The objective of this exercise has been to predict future stock prices using Machine Learning and other Artificial Intelligence. The exercise started with a comprehensive review of available literature in this domain. Research papers as well as online sources tackling this problem were reviewed, a brief list of the same is included as part of references.

1.1 Literature Review

Early research on stock market prediction was primarily based on the Random Walk theory and the Efficient Market Hypothesis (EMH). Several studies, including those by Gallagher, Kavussanos, and Butler, demonstrated that stock market prices do not strictly follow a random walk and can be predicted to a certain extent.

Another hypothesis currently under investigation is whether early indicators extracted from online sources such as blogs and Twitter feeds can be used to predict changes in economic and commercial indicators. Similar analyses have been conducted in other domains. For example, Gruhl et al. showed a correlation between online chat activity and book sales, while blog sentiment analysis was used by Mishne and Glance to predict movie sales.

Schumaker et al. investigated the relationship between breaking financial news and stock price changes. One of the most influential studies in stock market prediction was conducted by Bollen and Mao (2011), where they examined the correlation between public mood and the Dow Jones Industrial Average (DJIA). Public moods such as happiness, calmness, and anxiety were derived from Twitter feeds.

Chen and Lazer derived investment strategies by observing and classifying Twitter feeds. Bing et al. analyzed Twitter data and concluded that stock predictability varies across industries. Zhang et al. identified a strong negative correlation between negative moods on social networks and the DJIA index.

Pagolu et al. demonstrated a strong relationship between fluctuations in company stock prices and public emotions expressed on Twitter.
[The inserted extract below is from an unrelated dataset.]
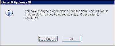 When you make changes to depreciation-sensitive fields in an asset book record, depreciation needs to be recalculated. Changing any of the following fields requires recalculation –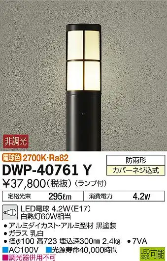 DWP-40761Y ポールライト 地上高700mm 非調光・電球色 LEDランプ付(E17) ランプ交換可 本体色:黒

Instead of using standard word embedding models, their work focused on developing a sentiment analyzer that categorized tweets into positive, negative, and neutral classes.

Mittal et al. attempted to build a portfolio management tool using Twitter sentiment analysis. Their model, tested on DJIA data, employed a greedy strategy that incorporated sentiment feedback to predict buy or sell decisions one day in advance.

Chen et al. used an LSTM-based model to predict stock direction in the Chinese Stock Exchange and compared its performance with a random estimation model, confirming the superior accuracy of LSTM. Tekin et al. analyzed data from 25 leading companies and applied various forecasting models, identifying Random Forest as a highly relevant technique.

Malandri et al. employed LSTM, multilayer perceptron (MLP), and Random Forest classifiers in a portfolio allocation model. A study based on NYSE data suggested that LSTM achieved better experimental results.

Kilimci et al. proposed an efficient word embedding and deep learning–based framework for forecasting stock market direction using Twitter and financial news data for the Turkish Stock Exchange (BIST 100). Their approach combined word embedding techniques such as Word2Vec, FastText, and GloVe with deep learning models including CNN, RNN, and LSTM.

Their results showed that the combination of the Word2Vec embedding model with LSTM achieved the highest average accuracy across nine selected stocks when Twitter data was used as the primary information source.

1.2 Data Sourcing, Pre-processing, and EDA

The exercise began with stock-related information available in the public domain. Yahoo Finance was used as the primary source for stock market data. The dataset contained standard data points commonly used in stock analysis, including Open, High, Low, Close prices, Adjusted Close, and Trading Volume. Historical data from January 2007 onwards was utilized as part of the exploratory data analysis (EDA).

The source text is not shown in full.